Lucien se detuvo, sus garras a centímetros de la garganta de la sombra,

—¿Y por qué debería hacer eso? —preguntó,

—Porque me lo debes —dijo Rose con los dientes apretados—. Me lo dijiste, ¿verdad? Me lo debes, por favor, este es el único favor que te pido.
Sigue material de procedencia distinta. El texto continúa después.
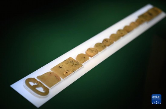 這是在陜西歷史博物館拍攝的骨咄玉帶銙(5月11日攝)!肮沁汀奔寸孢土_,是位于今塔吉克斯坦和阿富汗之間的中亞小國,史籍記載與唐王朝交往密切。
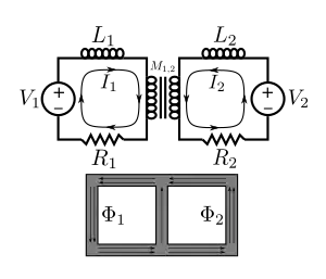 - The left image depicts a circuit diagram that denotes the circuits that are the subject of this example. Each loop consists of a voltage source in series with a resistor, and a self inductance followed by a mutual inductance. At the bottom of the image, the "magnetic circuit" is shown. The magnetic circuit carries magnetic flux instead of electric current, and helps to quantify the self and mutual inductance between the two loops of current.
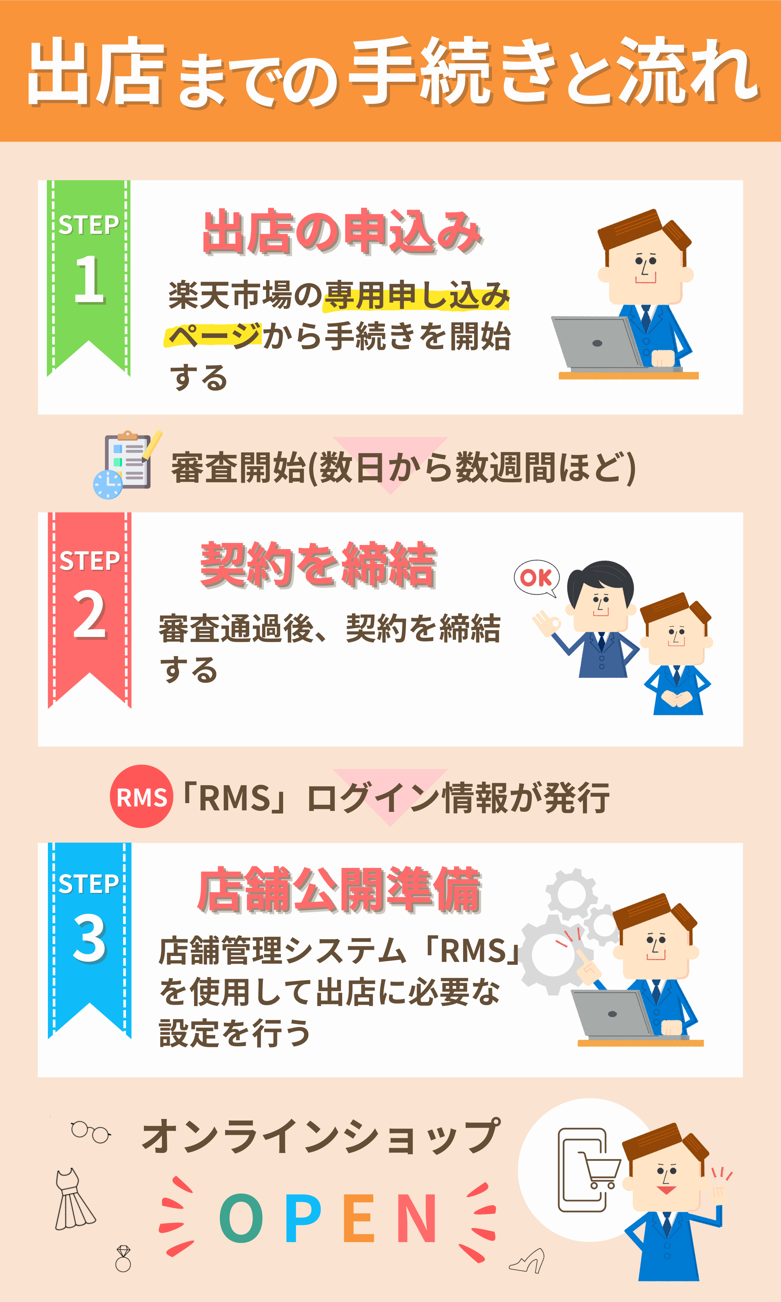 - 審査通過後、出店に関する契約を締結し、初期設定のサポートを受ける
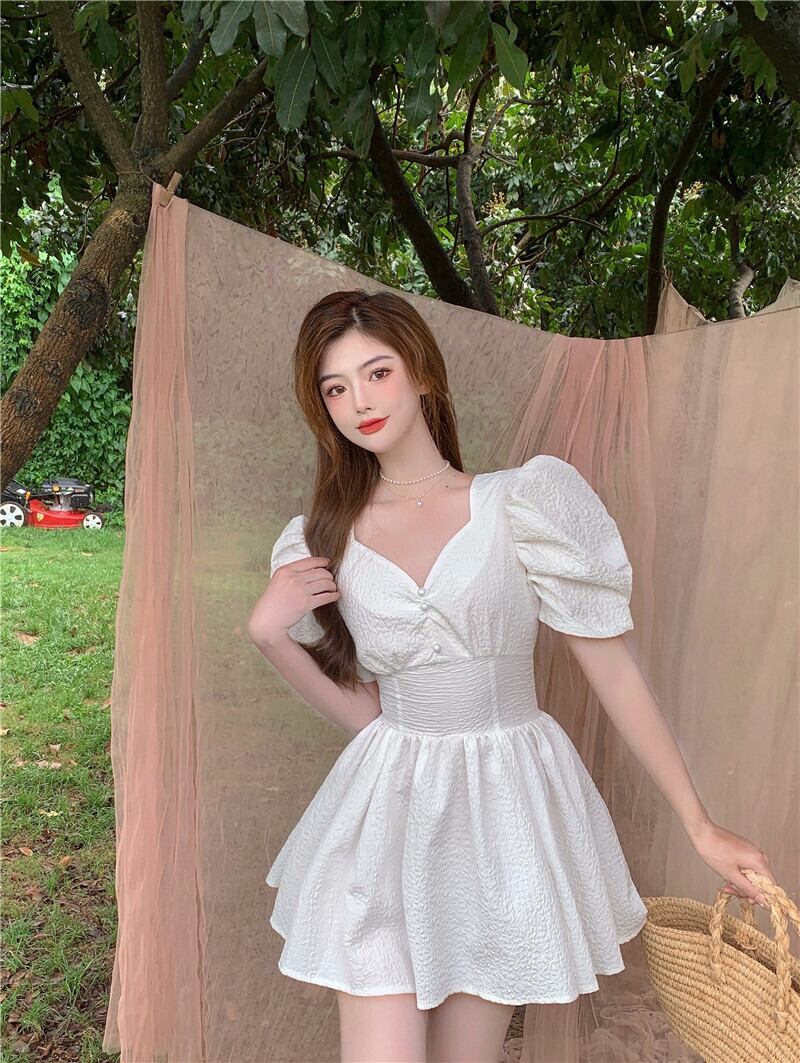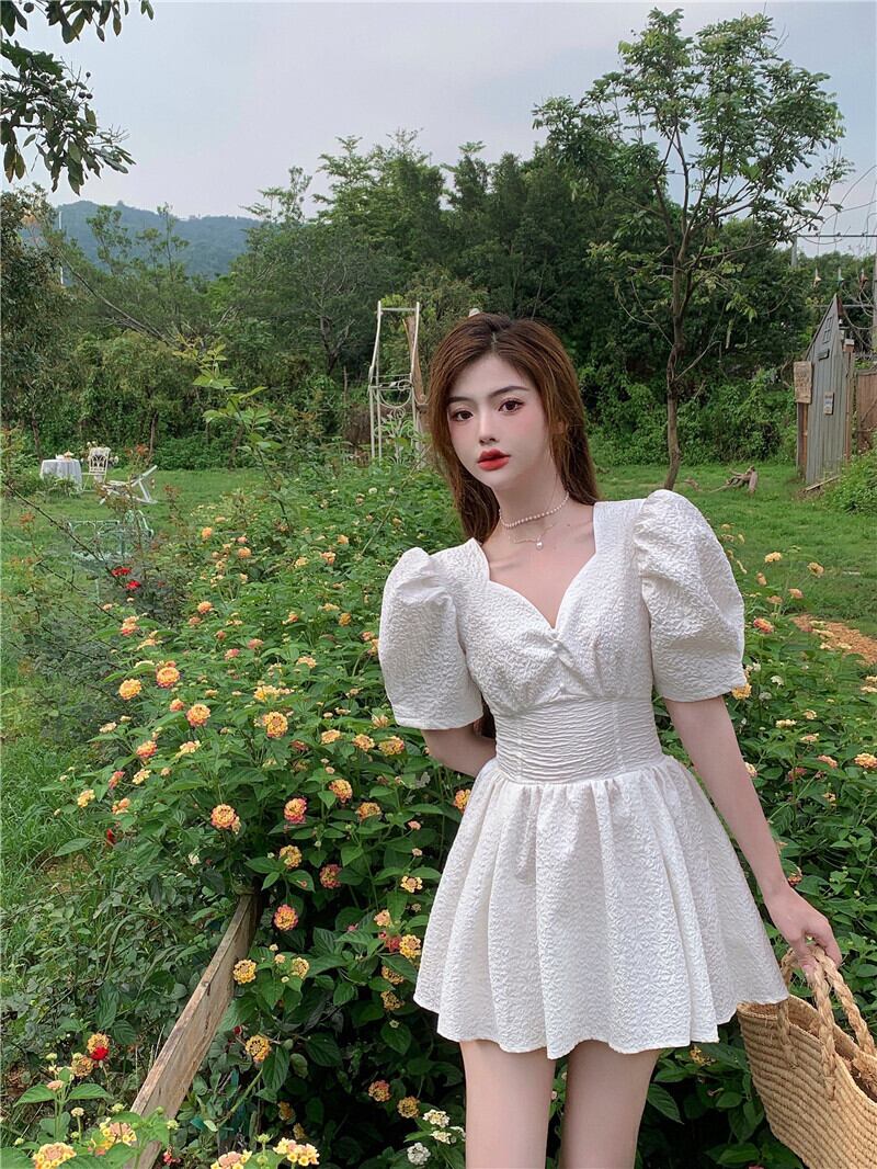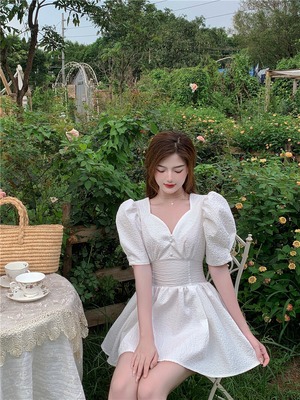 スタイルスタンダードスリーブジャカードVネックウェストドレス サマーホワイト レトロ 大人ガーリー スウィート キュート カジュアル 夏物 Xiaofeijia61509717984

Ya no tiene un brazo, por favor.

Las lágrimas cayeron de los labios de Rose mientras llegaba al lado de Aria y caía de rodillas.

—Prometo que las dos nos iremos de la guarida inmediatamente —siguió suplicando,

Los labios de Lucien se separaron, se movió para hablar,

Entonces, el mundo se congeló.

Por el rabillo del ojo, Lucien vio a Plata, la tejedor que había arrojado hacia la columna, tambaleándose para ponerse de pie mientras un gran rayo oscuro llenaba su mano.

Lo lanzó hacia Aria,

El rayo mortal se movió con tanta velocidad que tragó el sonido mismo.

—¡NOOO! —gritó Lucien, abalanzándose hacia su compañera,

Rose reaccionó primero, se dio la vuelta, vio el rayo mortal y se arrojó frente a Aria, tratando de empujarla,

Lo logró, pero en el momento en que empujó a Aria al suelo,

El rayo la golpeó, y ella gritó, cayendo al suelo, mientras el tejido comenzaba a devorarla, tanto por dentro como por fuera.

En segundos, el cuerpo de Rose dejó de temblar, y luego, dejó de respirar.